The game has changed; the window is closing

Anna Palmer of the Legal Times pretty much says it all with the sub-title of her piece yesterday: "inaction from the White House and gridlock on the Hill leave four slots sitting vacant." She writes here in particular about the 4th Circuit (where there's still a crisis!), but these words describe the locked-down state of the judicial confirmation process at large. The White House has failed to set forth a sufficient number of nominees, and the Senate has failed to give many of the existing nominees a fair and expedient hearing and vote.
"After a period of relative ease in securing two U.S. Supreme Court appointments and several controversial judicial nominations after the Senate's 'Gang of 14' deal two years ago, the question remains whether the GOP will continue to make such gains in the federal judiciary during President George W. Bush's last 18 months in office.

'[Bush's] opportunity to fill vacancies is shrinking, and he probably will be unable to make the kinds of nominations that he made prior to 2006, says Michael Gerhardt, a law professor at the University of North Carolina."

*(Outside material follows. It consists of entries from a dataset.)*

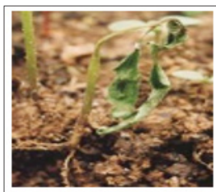
Figure 5: Damping-off: Disease caused by Pythium aphanidermatum .

This disease caused by Pythium aphanidermatum (Edson) is destructive to young seedlings, especially decaying the stems near the soil base (Figure 5). It causes 90% of plant death either pre or post-emergence attack both in nursery and in the field [8,9]. Generally damping off can be overcome by planting the treated seeds in 4-6 inches apart in well-drained beds.
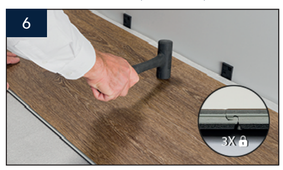
Figure 6: Using a rubber mallet, lightly tap the joint on the short side to engage the locking system.
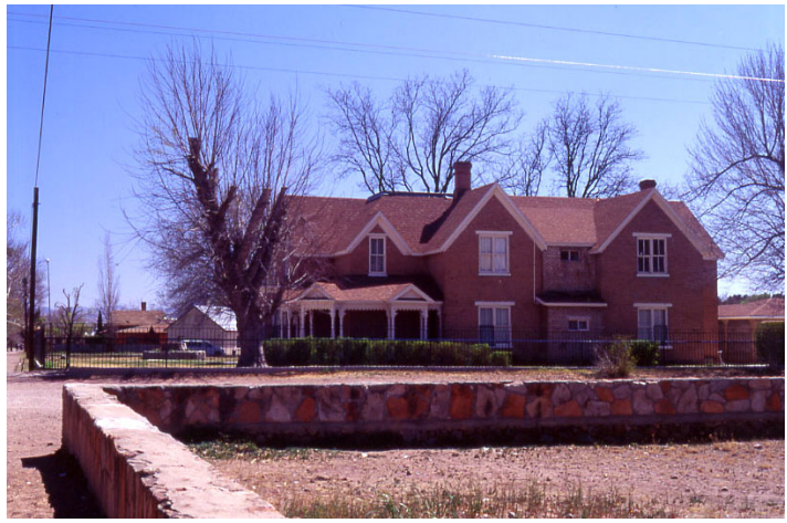
(Continued on next page)

Adventure fills the next few days. We spend several days in the region to see surrounding sites. A highlight is the world heritage site of the Paquimé ruins, the major trading point between high culture of central Mexico and the ancestral Puebloans of the American Southwest. This partially-reconstructed pueblo complex is in Casas Grandes, a quaint, plaza-oriented Mexican pueblo. Down the road is Colonia Juárez, we visit a pristine Mormon settlement complete with an LDS temple and U.S.certified high school. Apple orchards attest to the bounty of the land and industriousness of the settlers. Students complete their second field assignment, comparing this very "American" residential landscape to the nearby "Mexican" side of town and

A discouraging forecast. But a 'shrinking' opportunity is not yet the same as a lost opportunity; President Bush and the Senate should move quickly to ensure that the current situation does not degenerate from the former into the latter.

Last night's confirmation of the 'Michigan Three' - Janet Neff, Paul Maloney, and Robert Jonker - to three vacant seats in Michigan's Western District is an encouraging development. Curt Levey wrote in response: "Three Down, Two To Go." Two to go in Michigan - and many more vacancies in the 4th Circuit and beyond, too.